Much of it, said Morosov, involved covertly funneling money to political and social movements that were either pro-Kremlin or anti-establishment, especially those movements on the far right that were opposed to immigration and the economic integration of Europe. The Haydn Group had also created a chain of phantom think tanks and online public policy journals that presented the Kremlin’s point of view in a favorable light and questioned the effectiveness of Western democracy and liberalism.

But the unit’s most effective financial tool, said Morosov, was the promise of Russian riches. Politicians, lawyers, bankers, businessmen, even senior intelligence officers: all were targeted for corruption with Russian money. Most accepted it without reservation. And once they had taken the initial bait—the contribution, the bribe, the no-lose business opportunity—there was no wriggling off the hook. They were wholly owned assets of Kremlin Inc.

“Have you ever wondered why so many members of the British and French aristocracy are suddenly pro-Russian? It’s because Arkady is buying them off one lord, duke, earl, viscount, and marquis at a time. Money is Russia’s greatest weapon, Allon. A nuclear bomb can only be dropped once. But money can be wielded every day with no fallout and no threat of mutually assured destruction. Russian money is rotting the institutional integrity of the West from within. And Arkady Akimov is the one writing the checks.”

“You seem to have a rather firm grasp of the Haydn Group’s activities, Sergei.”

“Arkady and I were comrades from the bad old days in Berlin. He’s also quite rich, not to mention a close friend of the boss of bosses. I made a point of staying on his good side.”

“When was the last time you saw him?”

“A couple of months before you abducted me. We met at NevaNeft headquarters in Geneva. Arkady owns the building on the western side of the Place du Port. His office is on the top floor.”

“And the Haydn Group?”

“They’re one floor down, the sixth. Everything is state of the art. Biometric locks, soundproof glass, secure phones. And computers,” said Morosov. “Lots and lots of computers.”

“What are they using them for?”

“What do you think?”

“I think the Haydn Group is running a troll factory in the middle of Geneva.”

“A very good one,” said Morosov.

“Do you think Arkady is trying to influence the outcome of the American election?”

“I’ve been out of circulation for some time, Allon.”

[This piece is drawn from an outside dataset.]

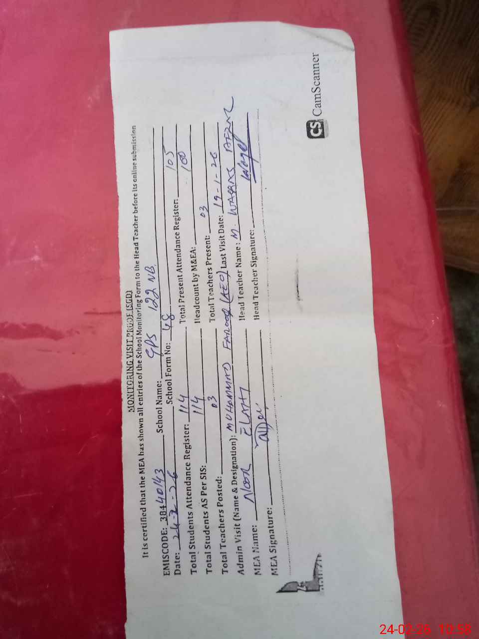 | Attendance Register | Head Teacher | MEA with School | Visit Proof |

“And if you were to hazard a guess?”

“Needless to say, the Kremlin would like the incumbent to remain in office. Therefore, it stands to reason that Arkady and the Haydn Group are putting their thumb on the scale. But they’re far more interested in helping the Americans destroy themselves. They spend most of their time sowing discord and rancor on social media and other Internet forums, including message boards used by racists and other extremists. Arkady told me that one of his operatives had managed to inspire several acts of political violence.”

“How?”

“By anonymously whispering into the ear of someone who’s on the edge. Have you been watching the news from America lately? They’re not so hard to find.”

Morosov drained another glass of vodka with a snap of his wrist.

“If you keep drinking that stuff, your liver is going to turn to concrete.”

“It’s not as if I have much else to do.”

Gabriel took up the dossier and rose. “Is there anything else you forgot to tell me, Sergei?”

“Just one thing.”

“I’m listening.”

“If Arkady can get to Viktor Orlov, he can get to you, too.”